Words On Birds by Steve Grinley
2009 Was a Peculiar Birding Year
January 23, 2010
By Steve Grinley
While I’m away for a few weeks, Doug Chickering of Groveland has agreed to share some words about birds, as Doug does so well. Here he shares some retrospect of our 2009 birding year:
“Very early last year Lois Cooper and I had gone over to Cape Ann to see the Bohemian Waxwings that had been reported at cathedral ledge. We were successful and decided to make our usual rounds around the area. After visiting Jodrey Pier I suggested that we go over to Bass Rocks to see if we could find the King Eider. As we drove by the entrance to the Eastern Point area Lois asked me if we shouldn’t go out there like we usually do. I expressed an opinion that it was unlikely that we would find anything of interest there .
“The Vale’s had been there that morning and told us they saw nothing unusual. So we drove on. Fifteen minutes later we were sitting in the VFW post parking lot when we received word – from Fay Vale – that Jeremiah Trimble had just found an Ivory Gull…. at Eastern Point. Ouch.
“Two months later Lois and I were returning from lunch in Essex when she suggested that we see what we could find among the Canada Geese that usually populated the fields bordered by Northgate and Argilla Roads. There were reports of White-fronted Geese in Saugus so I thought it would be a good idea. We pulled up at a place where we got good looks at a distant gaggle.
“”Look,” I said to Lois. ” There’s seven Snow Geese. You don’t see Snow Geese here very often. But there were no White-fronted Geese so we drove away. Imagine my surprise when I read that Rick Heil had found seven Ross’s Geese at that exact spot two days later. Ouch.
“We had a similar experience with Cackling geese many months later. Same perusal of geese at the same location and the same oversight, and we drove away from a life bird. It was that kind of year.
Of course we eventually got all three, so it was no disaster, but we drove away from that magic, moment treasured by us all.

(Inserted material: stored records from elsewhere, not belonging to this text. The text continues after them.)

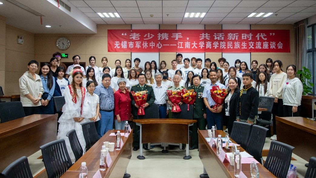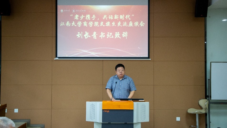 党委书记刘长青致开场辞,他指出党和国家高度重视民族团结工作,习近平总书记强调要引导各族人民牢固树立休戚与共、荣辱与共、生死与共、命运与共的共同体理念。刘书记回顾了2018年以来无锡市军休中心与校关工委联合开展的“民族一家亲、关爱育新人”民族学生捐资助学活动,向军休中心的老领导们对于学校人才培养工作的关心和支持致以崇高的敬意。刘书记指出,本次座谈会以“老少携手,共话新时代”为题,希望以军休中心老同志、成人片
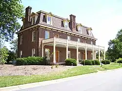 Cary's population grew after the war with the completion of the Chatham Railroad junction.[17] Around 1868, the town's first depot was built for the Chatham Railroad, and Page laid out streets, including Academy and Chatham Streets, and one acre residential lots.[14][5][17] At the time, most of Cary's men worked for the railroads, but other businesses included a furniture factory, two shingle factories, a tannery, a shoe factory, a brick factory, and a window sash and blind factory.[14][27] Page also built a Second Empire style hotel for railroad passengers, known today as the Page-Walker Hotel.[28]
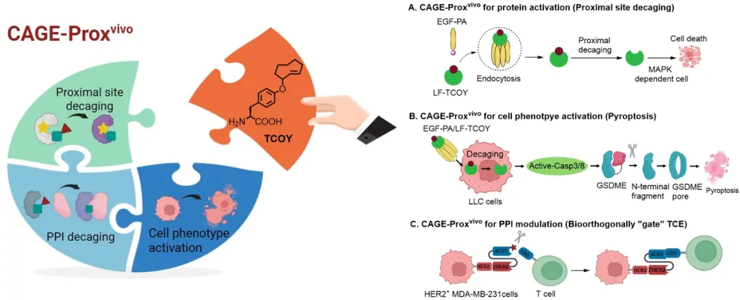 CAGE-Proxvivo蛋白質(zhì)活體原位激活通用平臺應(yīng)用:在活體動物中按需激活蛋白質(zhì)功能;調(diào)節(jié)細(xì)胞表型,誘導(dǎo)腫瘤細(xì)胞發(fā)生焦亡,增強抗腫瘤免疫反應(yīng);精確調(diào)節(jié)蛋白質(zhì)-蛋白質(zhì)相互作用,實現(xiàn)生物正交“門控”雙特異性抗體,用于按需招募和激活T細(xì)胞
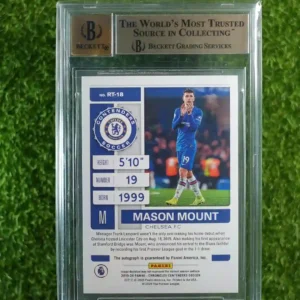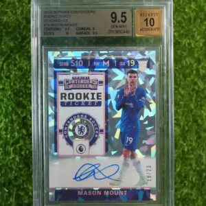 & Free Shipping2019-20 Panini Contenders Soccer Mason Mount Rookie Ticket Cracked Ice Rookie Card, a Cracked Ice Parallel Autograph, printed to just 23 copies. The card is #18 and graded BGS 95.
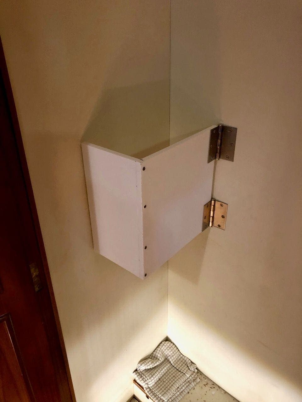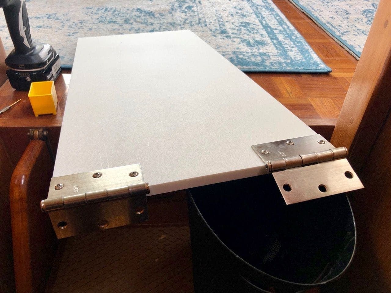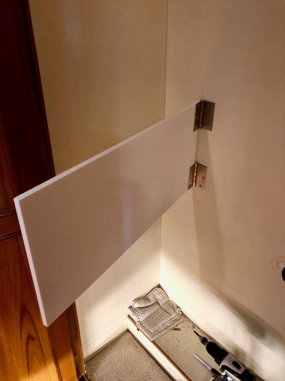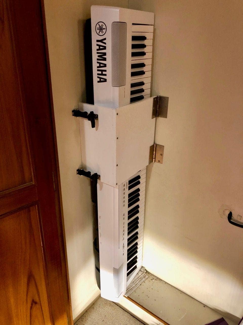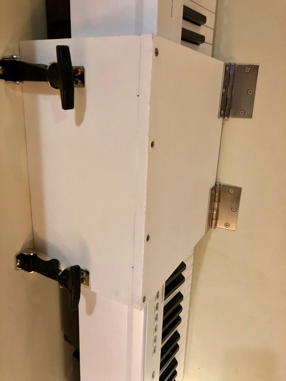 I chose to use 1/2″ Star Board to make a wide band that would go around the middle of the piano while it stood up in the corner of the closet, and kept it stable there. I put a couple of door hinges on the back edge where it would hinge out away from the piano.

That special golden event in birding when your gaze suddenly falls upon a special, unexpected treasure. That rare bird that will soon draw crowds; that will cause people to drive through a snowy night to see… that bird is your bird. You found it.

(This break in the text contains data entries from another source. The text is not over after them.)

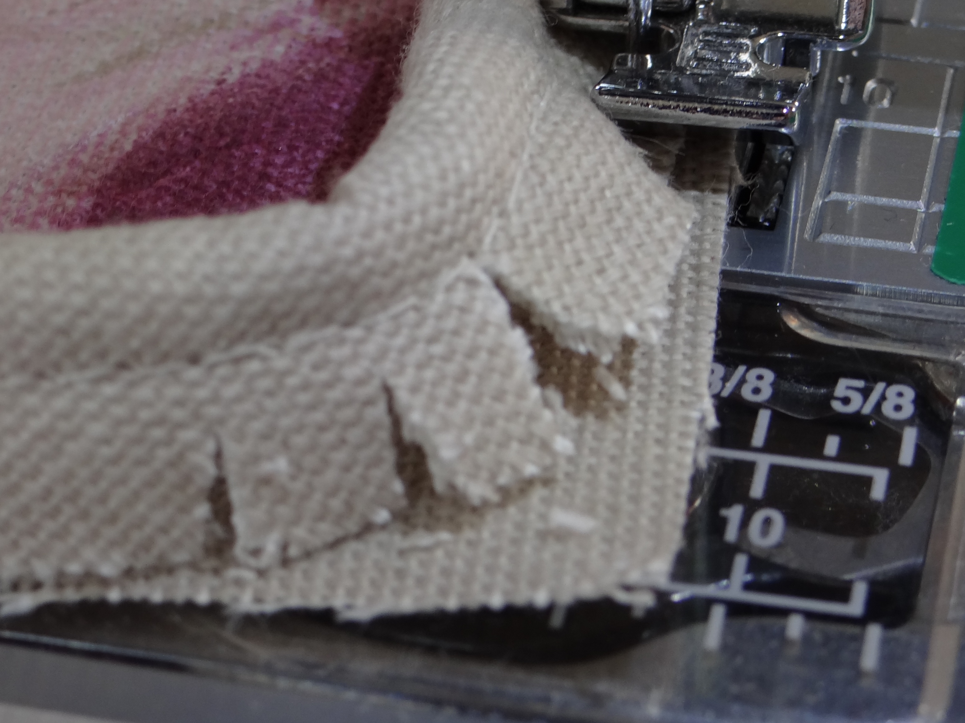 11. Neaten the edge of the cushion cover with a zig zag stitch and / or Pinking shears.
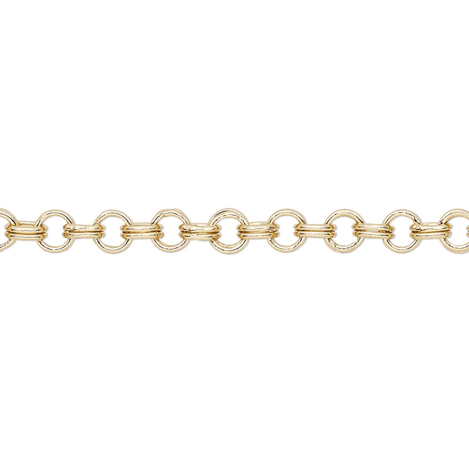 Chain 1pkg1 cable, 4mm double round, gold-finished brass 50 foot unfinished
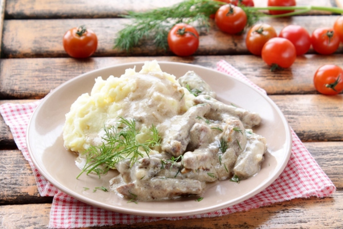 Вкусные рецепты: Бефстроганов с курицей и картофельное пюре

“It was a strange year in many ways. The rarities were inexplicable surprises. One Ivory Gull wasn’t enough. There were two Ivory Gulls. There were two MacGillivray’s Warblers, there were two, maybe three Painted Buntings. There were fourteen Ross’s Geese, maybe more, and eight or nine Cackling Geese. A pair of Monk Parakeet’s made a brief and tantalizing appearance after fourteen year’s absence. What’s going on here? What a strange and wonderful year it has been.

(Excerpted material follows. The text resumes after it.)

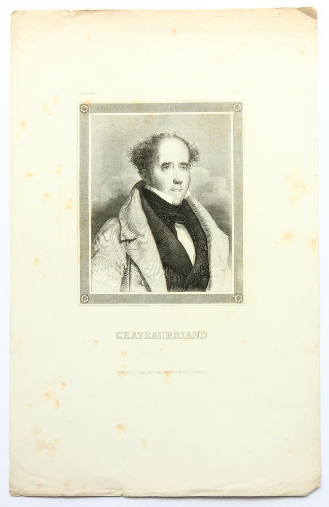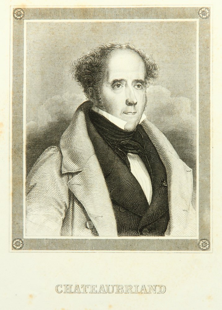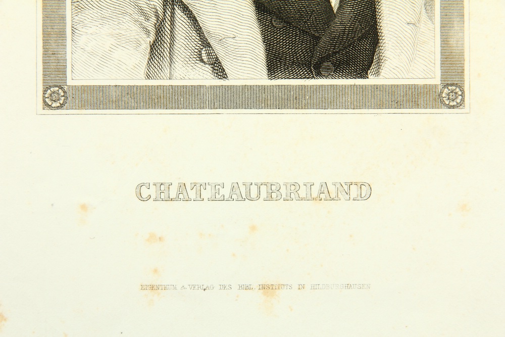 Unbekannt (19. Jahrhundert), Porträt des französischen Schriftstellers und Staatsmannes François-René de Chateaubriand (1768 Saint-Malo – 1848 Paris), gilt als Mitbegründer der Romantik in Frankreich,, 19. Jahrhundert, Kupferstich

“There are other memories and impressions that push to the front of my mind when I review the past twelve months on this last night of 2009. To me this was the year of Solitary Vireo. I saw them early and late and consistently. I can’t remember a year with so many Solitary Vireo’s. I don’t what it is about this bird but it stirs a special feeling in me.
“I can still picture the Cape May Warbler in the budding tree at the edge of the S Curves on Plum Island. It was a gray and cloudy day; the Cape May was unusually deliberate, cooperative and generally oblivious to the chattering appreciative crowd that had gathered to pay homage and to agree that there are too few Cape May Warblers in this world.
“I have a special sharp recollection of an August day when I showed a California friend Plum Island at the height of the shore bird migration. Buff-breasted Sandpiper at Sandy point, Baird’s Sandpipers at two locations. We had all five Peep sandpipers that day along with the Buffy, a Sora, a few Knots and a Black-headed Gull. An Avocet in full fig at Pikul’s Pans, that perfect May fallout in April; A Fox Sparrow at the ground feed, a Carolina Wren in the snow. It stretches on and on.
“I’m sure when I finish this…there will be many more memories that will come forward. It is always thus. Every year has its special places and events and every year is glorious in the field. Still this was a rather peculiar year.”